Tuesday, July 31, 2018


Principal Component Analysis

Principal Component Analysis (PCA) is a simple yet popular and useful linear transformation technique. PCA transforms the data from one feature space to other feature space of low dimension.  The transformed feature space should be able to explain most of the variance of the original data set by making a variable reduction. The final variables will be named as principal component.

Let’s understand it in simplistic way.

Consider the Pattern Classification problem.

The pattern classification problem is divided into two phases, namely, training and testing.

In the training phase, first the input data is preprocessed. Then the features are extracted from the processed data. These features are fed to the classifier. The classifier is learned through the features. Once the model is trained it stores the knowledge in the terms of weights. In the testing phase, the trained model is used to predict the class of test input.

Fig.1 Pattern Classification system (Source: Wikipedia)


The feature extraction aims at representing the signals by an ideally small number of relevant values, which describe the task-relevant information contained in the signals. However, classifiers are able to learn from data which class corresponds to which input features. So the feature extraction technique plays very critical role.

All the extracted features are not useful for classification purpose. After feature extraction feature dimension reduction takes place. We are interested in the discriminate features. e.g there are two classes truck and bike. If we consider the feature as color or number of wheels we are not able to predict the class (bike /truck) because color may be same and number of wheels are four. Hence we are interested in discriminate features e.g height. Yes.. That’s what  we want .  We need to transform original feature space into new feature space having maximum variance, hence the dimension reduction takes place in the transformed new feature space.

There are two techniques for dimension reduction

1. Linear Discriminant Analysis 

2. Principal Component Analysis



In this tutorial you will learn about PCA!

The basic difference between these two is that LDA uses information of classes to find new features in order to maximize its separability while PCA uses the variance of each feature to do the same. In this context, LDA can be consider a supervised algorithm and PCA an unsupervised algorithm.

In this tutorial you will learn about
1. PCA Working 

2. Linear Transformation

3. Key points of PCA

Principal Component Analysis (PCA):
PCA projects the entire feature space into a different feature space with reduction in dimensionality.

But remember PCA does not select a set of features and discard other features, but it infers some new features, which best describe the type of a class.


PCA Working :
Let’s start with the working of PCA.
Fig. 2 depicts the flow of data

Fig.2 PCA Working (Source: Wikipedia)

(Hey! I am not going in mathematics...Here you will find out detail theoretical explanation with significance of PCA)


Let's start..

Consider the 2D Plot of the data (as shown in Fig.3)

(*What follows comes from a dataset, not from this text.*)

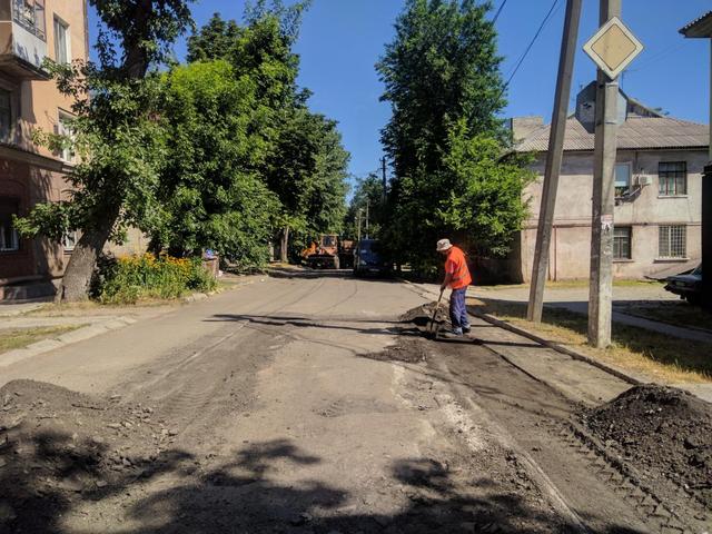 Ямочный ремонт дорожного покрытия стартовал по улице Иосифа Манаенкова (бывш. Комунарная) утром 4 июля в Каменском.
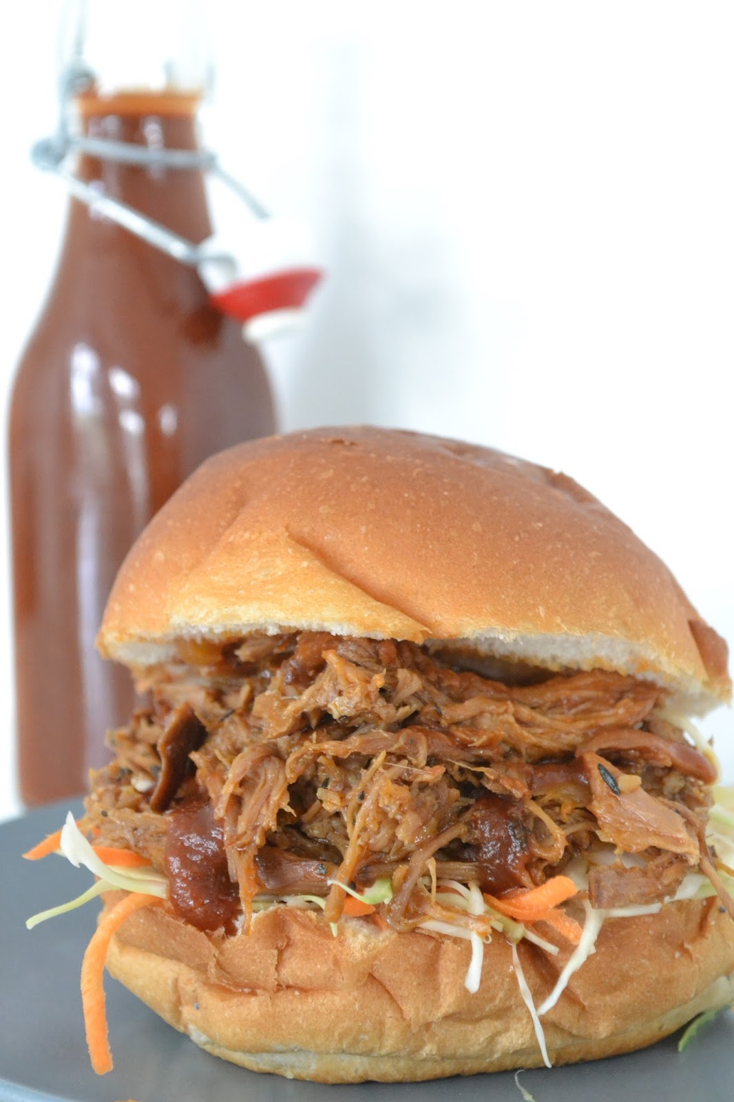To make this with store bought BBQ sauce, you will need 650ml / 22 oz barbecue sauce of choice. Add 1 cup of pork juices per recipe, then simmer on medium high for 30 minutes or until thickened, stirring regularly. 6. 1.5 kg / 3 lb pork shoulder makes enough for 6 large or 8 normal sized sandwiches.

Fig.3 2-D data plot (Source: Wikipedia)

1. Subtraction of the mean from the data:
As we can see, the subtraction of the mean results in a translation of the data which have now zero mean.
2. Covariance matrix
The covariance of two random variables measures the degree of variation from their respective means with respect to each other. The sign of the covariance provides us with information about the relation between them:
·     If the covariance is positive, then the two variables increase and decrease together,
·     If the covariance is negative, then when one variable increases the other decreases and vice versa.

3. Eigenvectors and Eigenvalues
Eigenvectors are defined as those vectors whose directions remain unchanged after any linear transformation has been applied to them. However, their length could not remain the same after the transformation, i.e., the result of this transformation is the vector multiplied by a scalar. This scalar is called eigenvalue and each eigenvector has one associated to it.

The number of eigenvectors or components that we can calculate for each data set is equal to the dimension of the data set. In this case, we have a 2-dimensionalal data set so the number of eigenvectors will be 2. Fig. 4 depicts the eigenvectors.

Fig.4 Eigenvectors (Source: Wikipedia)



Since they are calculated from the covariance matrix described before, eigenvectors represent the directions in which the data have more variance. On the other hand, their respective eigenvalues determine the amount of variance that the data set has in that direction.

 4. Principal components
Among all the available eigenvectors that have been calculated in the previous step, we must select those ones onto which we are going to project the data. The selected eigenvectors will be called principal components.
Now question is to which eigen vector to choose?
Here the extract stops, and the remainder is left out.